Basically yes. There are additional ways you can cure waterbased (iron, heat press, adding a catalyst to the ink), but the best ways (conveying oven) are the same.


----------



## skunk (Feb 26, 2007)

*Re: quick simple question*

can you also flash waterbased ink? plastisol is the ink which you can't iron on the design right? and waterbased ink is the one that you can right? is plastisol ink the ink that is rough to the touch, and water base is soft to the touch?


----------



## Solmu (Aug 15, 2005)

*Re: quick simple question*

Yes you can flash waterbased. Neither is rough to the touch if printed properly, but waterbased does have a softer hand.


----------



## skunk (Feb 26, 2007)

*Re: quick simple question*

well for right now i'm using a heat gun, is that y my shirts might crack while stretching?


----------



## Solmu (Aug 15, 2005)

*Re: quick simple question*



skunk said:


> well for right now i'm using a heat gun, is that y my shirts might crack while stretching?
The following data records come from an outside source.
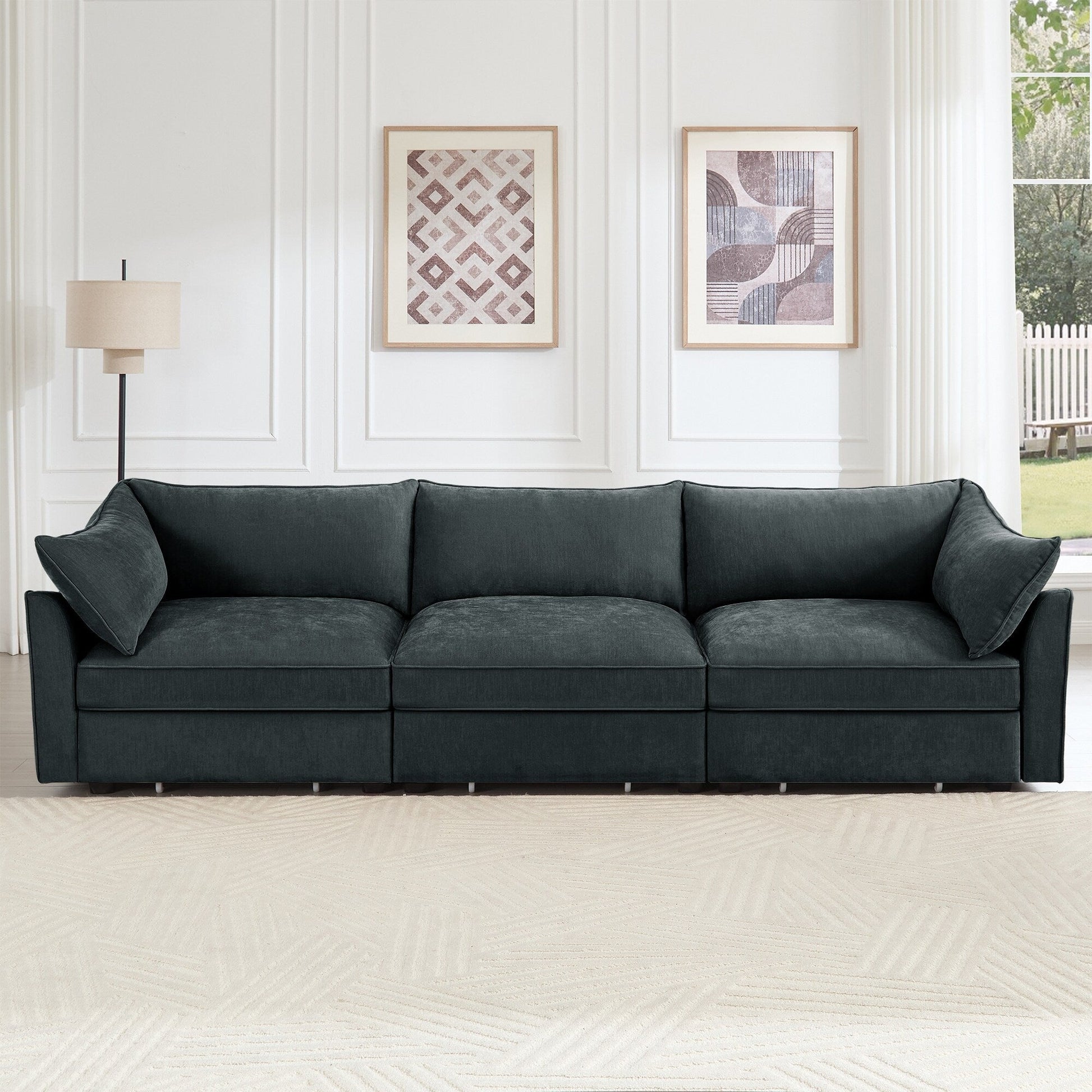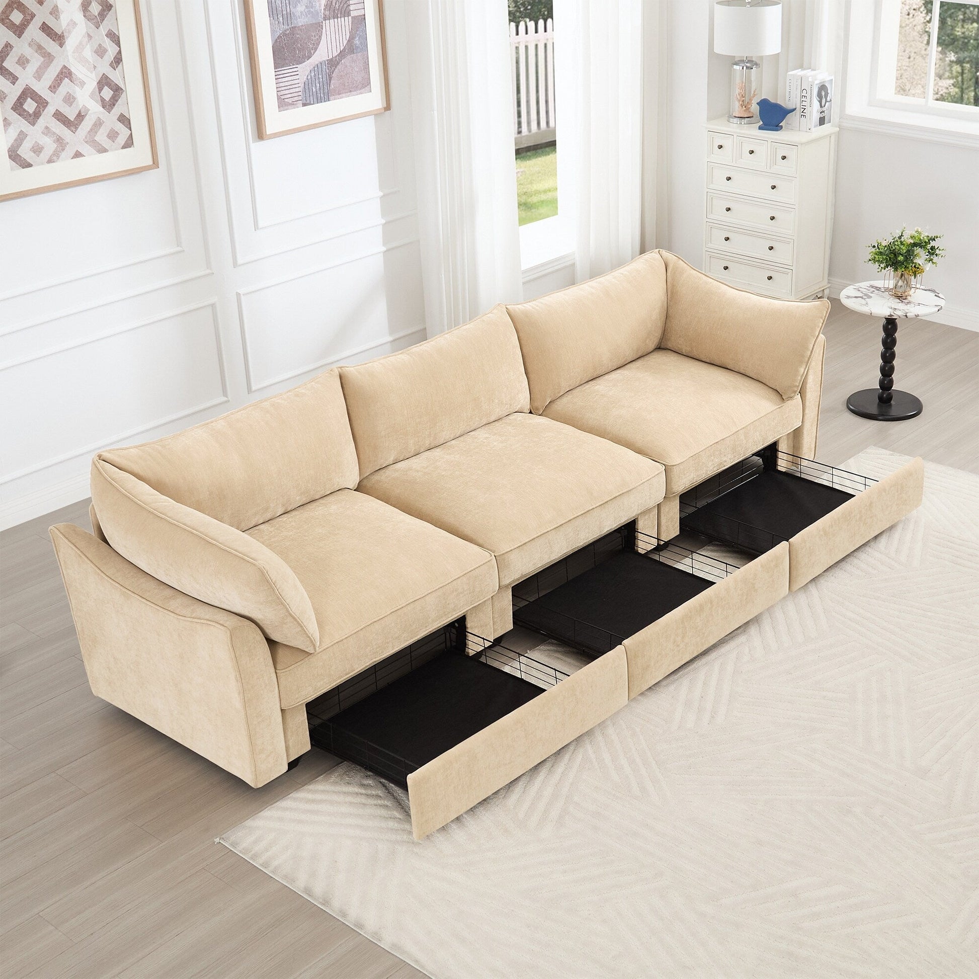 3-Seater Large Wide & Deep Sofa with Pull out Drawers Under Each Seat, Crescent-Shaped Armrests and Wraparound Back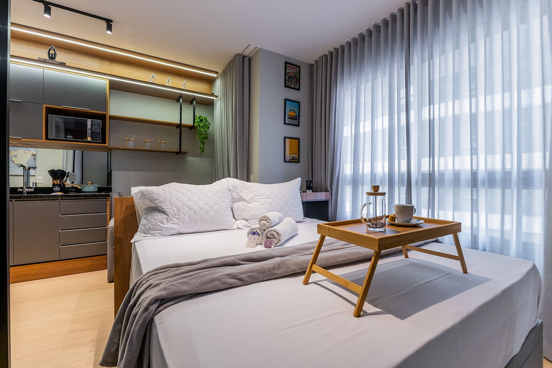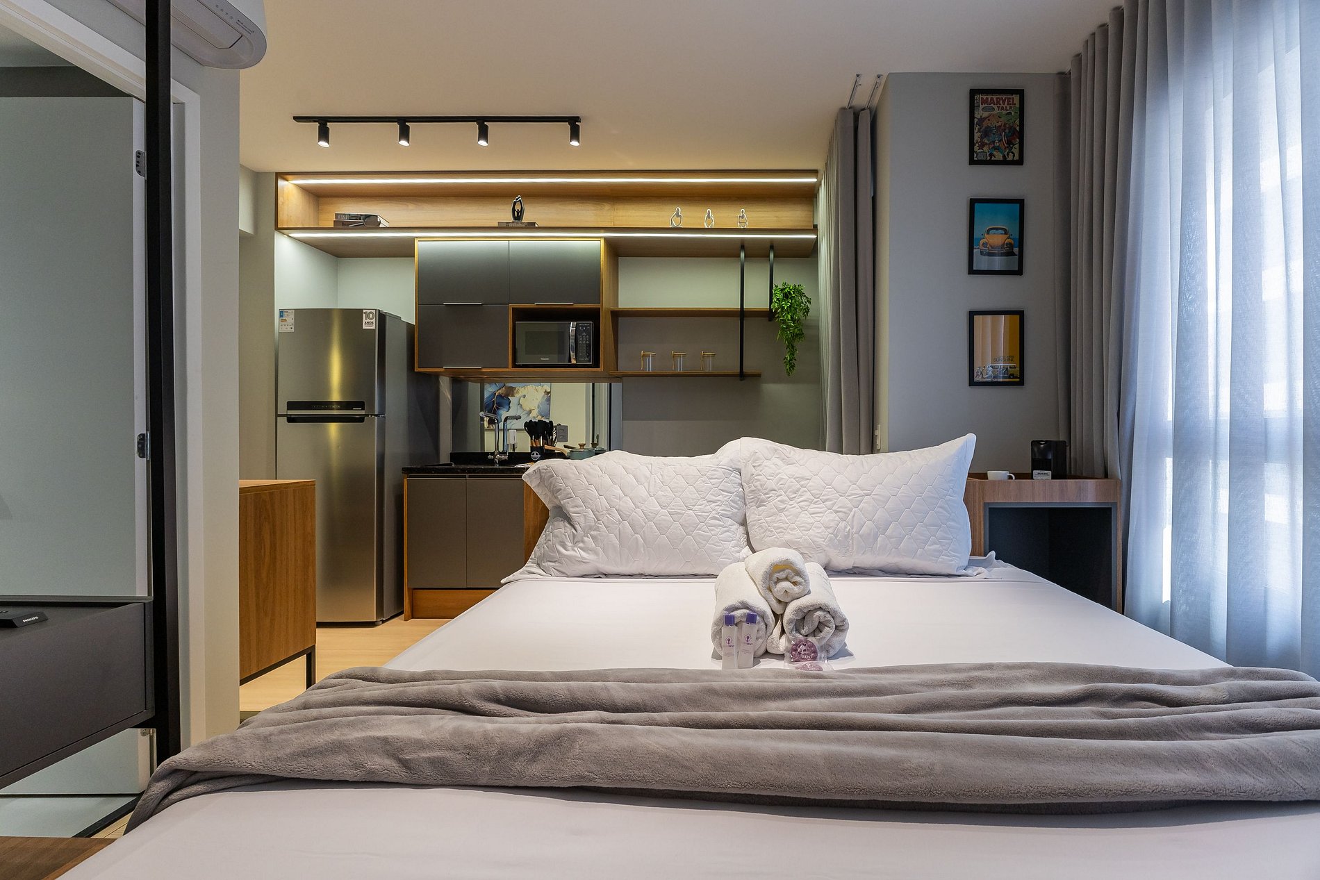 O condomínio dispõe de academia, lavanderia, piscina e portaria 24 horas, garantindo segurança e comodidade durante toda a estadia.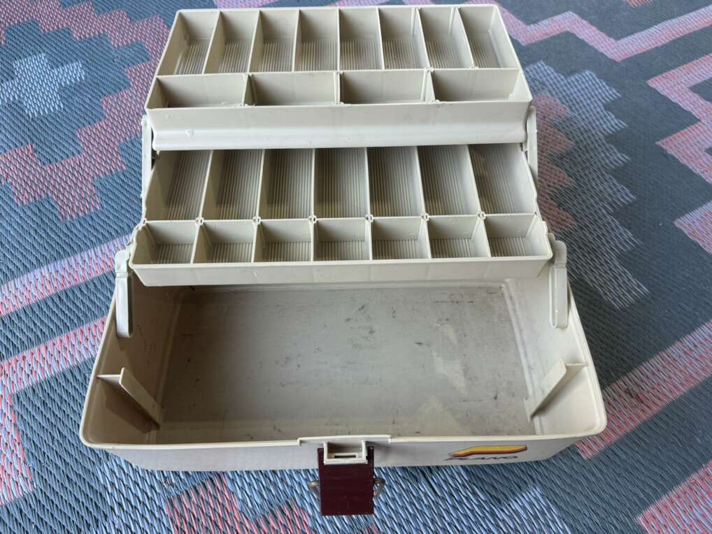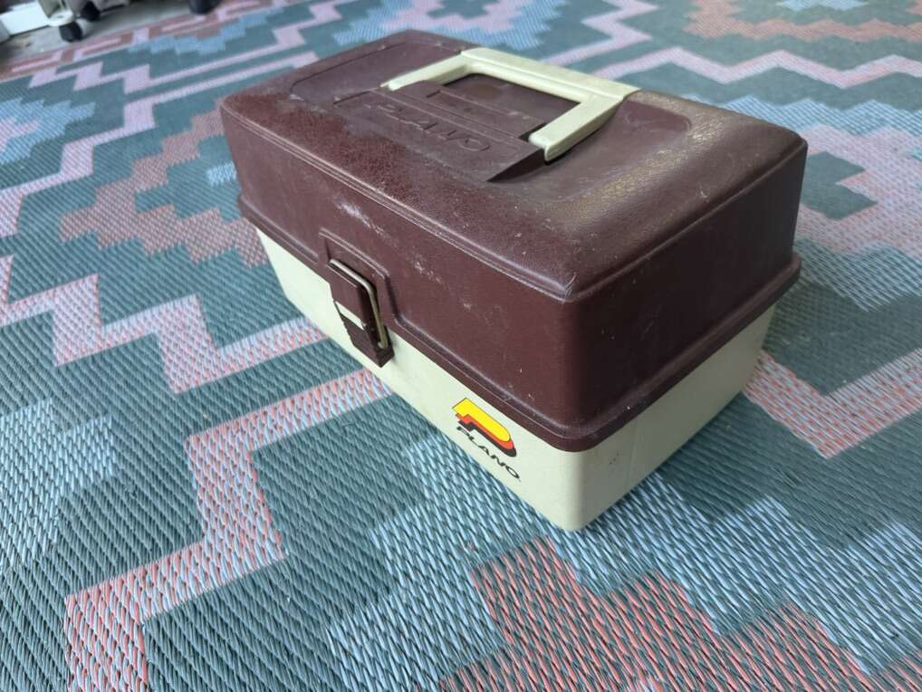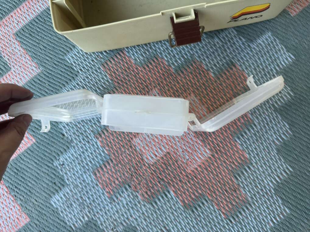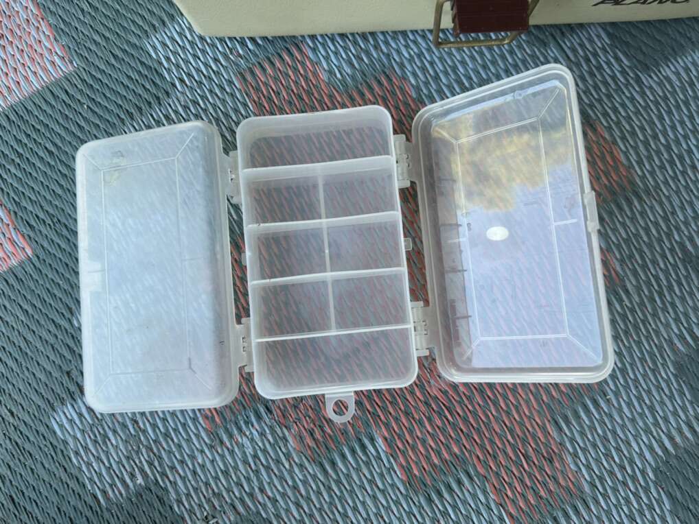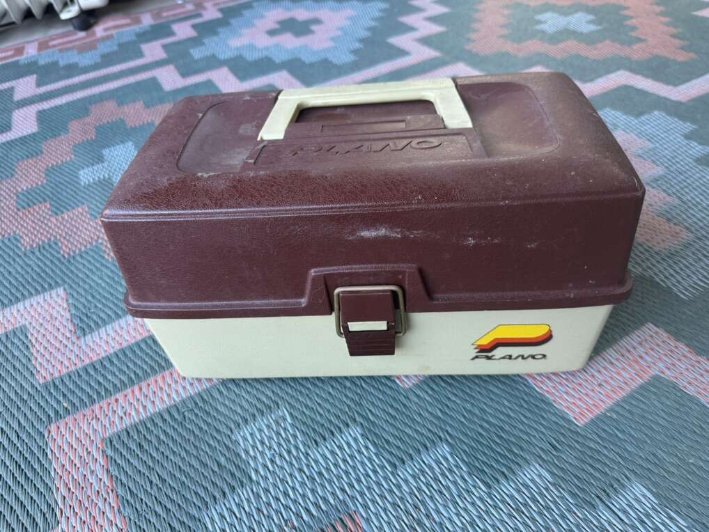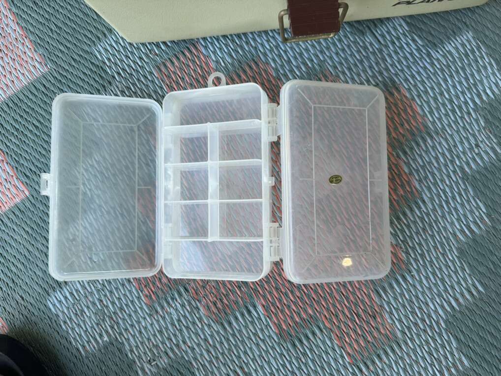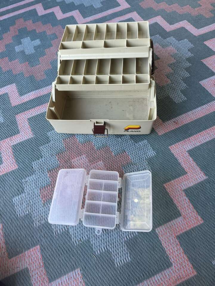 Selling these 2 fishing boxes together. A bigger Plano and a smaller clear plastic wine that opens from both sides.

Heat guns are an unreliable curing method, so it could be leading to problems.


----------



## skunk (Feb 26, 2007)

*Re: quick simple question*

If I Cure The Ink Using A Flash Dryer, Should My Design Still Crack When Stretched?


----------



## Solmu (Aug 15, 2005)

*Re: quick simple question*

Like any other method, that depends on whether or not it's properly cured. As people have said, the only way to properly cure plastisol is with a conveyor (tunnel) dryer. Other methods _can_ work (including a flash, which is at least better than a heat gun), but they are not reliable.


----------



## skunk (Feb 26, 2007)

*Re: quick simple question*

what are the proper ways of curing waterbased ink?


----------



## TomandBunny (Apr 13, 2007)

*Re: quick simple question*

Why would someone use water based inks? I just don't know the difference but I don't see why. if someone can explain that would be great.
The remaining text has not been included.